I can't find it, but my mom always quotes a poem wherein the author is always a little sad to see a "colt become a horse." It's a very familiar state of heart for parents for sure. Beautifully written L.L. You and I have something else in common today too--we both featured our daughters' writing in our blog posts today--such blessing in reading the words of both our girls!

11:52 AM  
Anonymous Anonymous said...

there is childhood
in the air
in the care
that will go with them

12:39 PM  
Blogger Linda said...

My eyes are blurry and you take me back to a moment in time when I wished with all my heart I could freeze my little boys in that moment of time. I sometimes still long for those days, and in these grown men (with children of their own) I see those little boys.

2:13 PM  
Blogger Maureen said...

If every child had a big blue book
of poems and a mother who took
time for Yeats on a rainy day,
to listen to stories, to what they say
about love becoming love.

5:01 PM  
Blogger Bonnie said...

I had tears too reading that poem and your words. Thank you for inspiring me with aisling! I need to pass this on to some lovers of fairytales also!

5:48 PM  
Blogger Unknown said...

Did you see the comment I left at Friday Check In... my weekend was in Yeats' birthplace (Co Sligo).
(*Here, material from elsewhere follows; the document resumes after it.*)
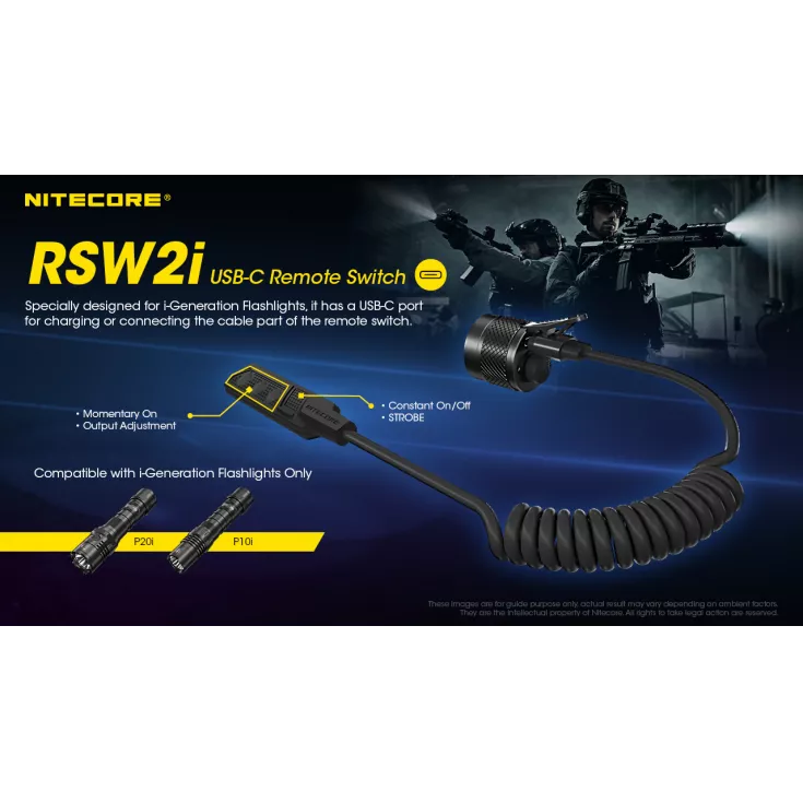The RSW2i is compatible with the Nitecore P10i, P20i, P30i, P10iX, P20iX, P23i and SRT7i.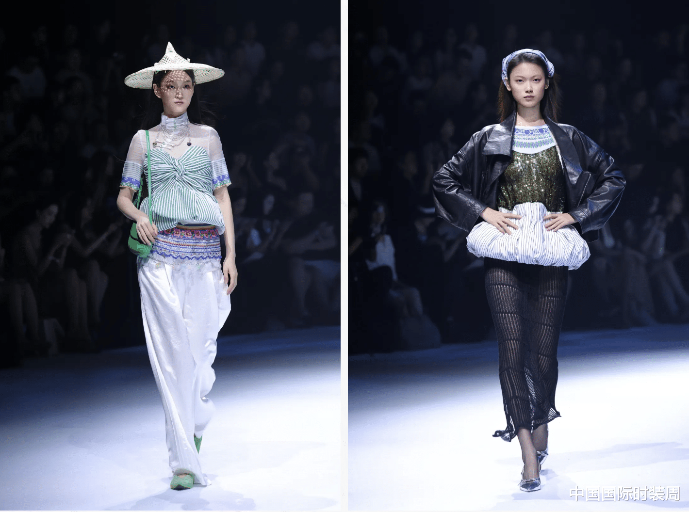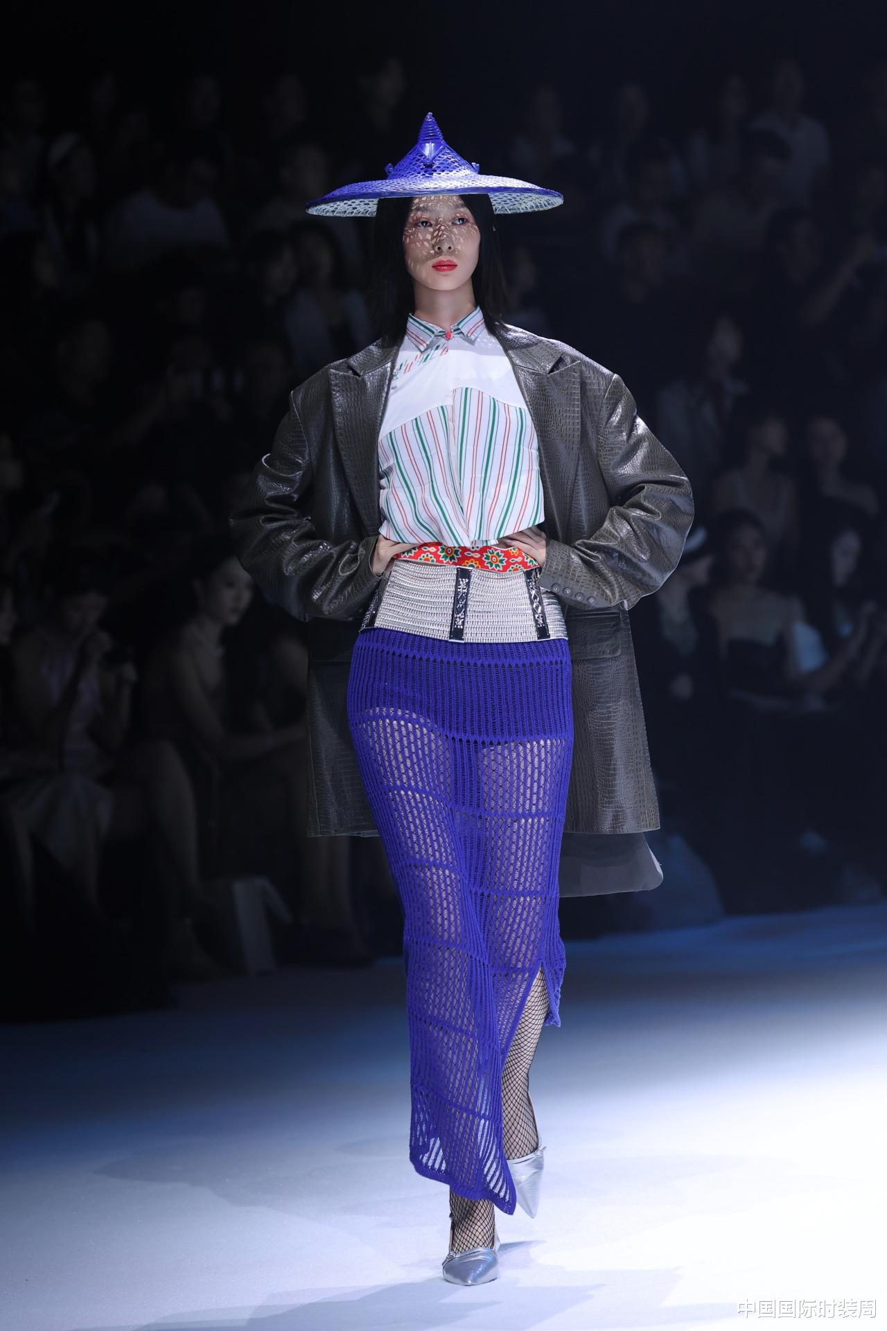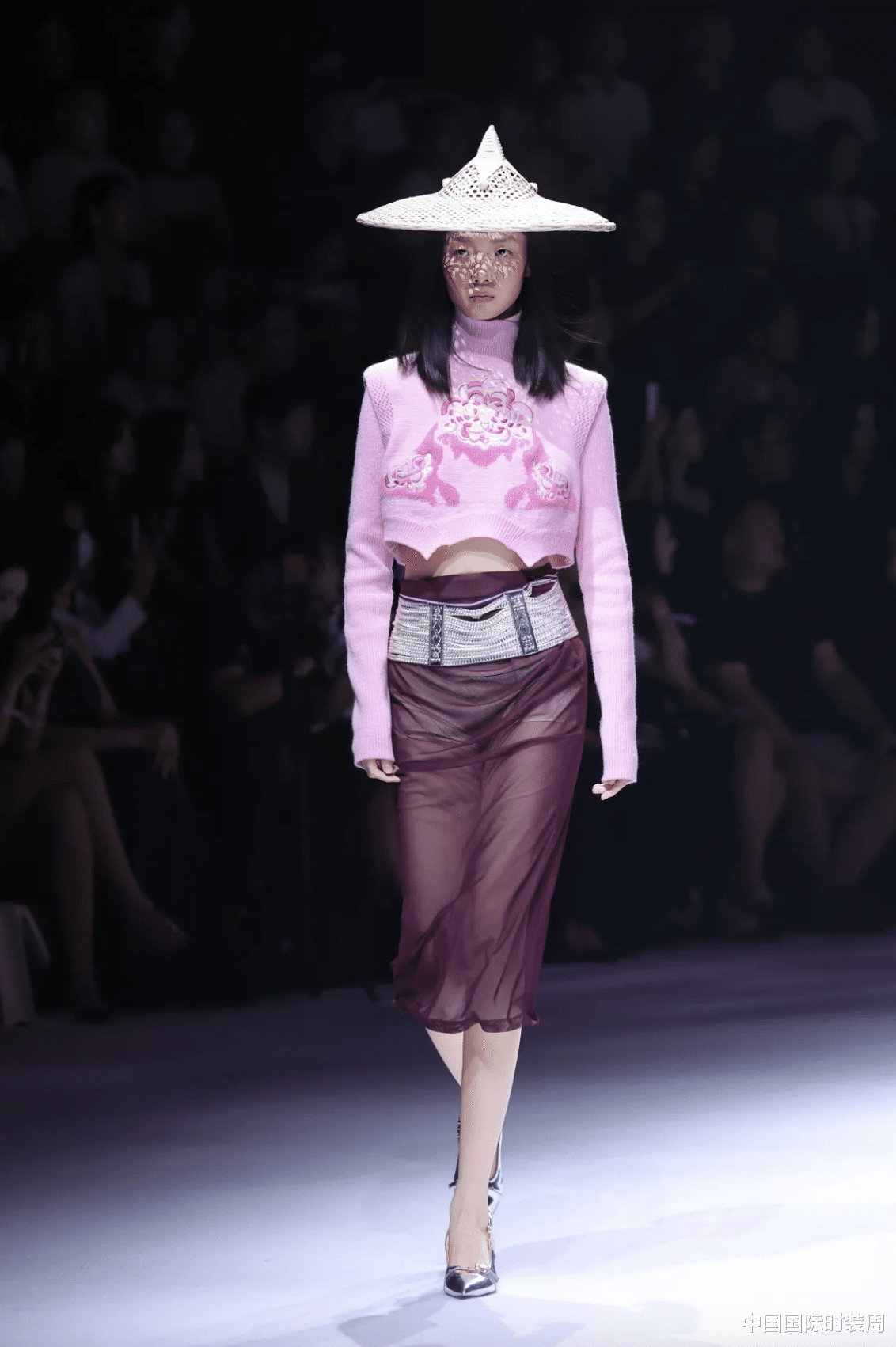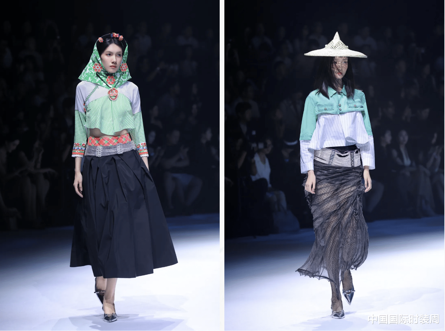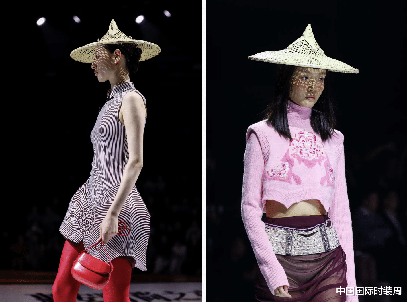 在沉浸式光影与多媒体叙事氛围中,模特们身着以惠安女传统服饰为原型重新解构的设计作品缓步而来——黄斗笠轻垂薄纱,呼应现代廓形;花头巾化作印花元素,点缀于飘逸缎面;短上衣与宽筒裤通过立体剪裁与不对称设计,兼顾视觉张力与动态美感;银腰带则以当代金属饰件的形式重现,勾勒出柔中带刚的女性线条。

I wish that you were my poetry teacher. I would have grown a steady love for it much sooner.

I also thought of you today and the in and around Mondays when our neighbours little boy locked himelf into the car and spent a solid hour honking away at the horn. I was very aware of my surroundings because of this little creature.

7:03 PM  
Blogger Megan Willome said...

Oh, I feel this!
But now I'm the one who wants to take the fsiry's hand, and my daughter wants to grow up and go to the city.

8:57 PM  
Blogger Louise said...

We don't have poetry month here in the UK, but I think reading poetry with your girls every day is a wonderful thing to do and I love that it has inspired your eldest to write.
Cultivating the closeness to talk about deep things with your children is so precious.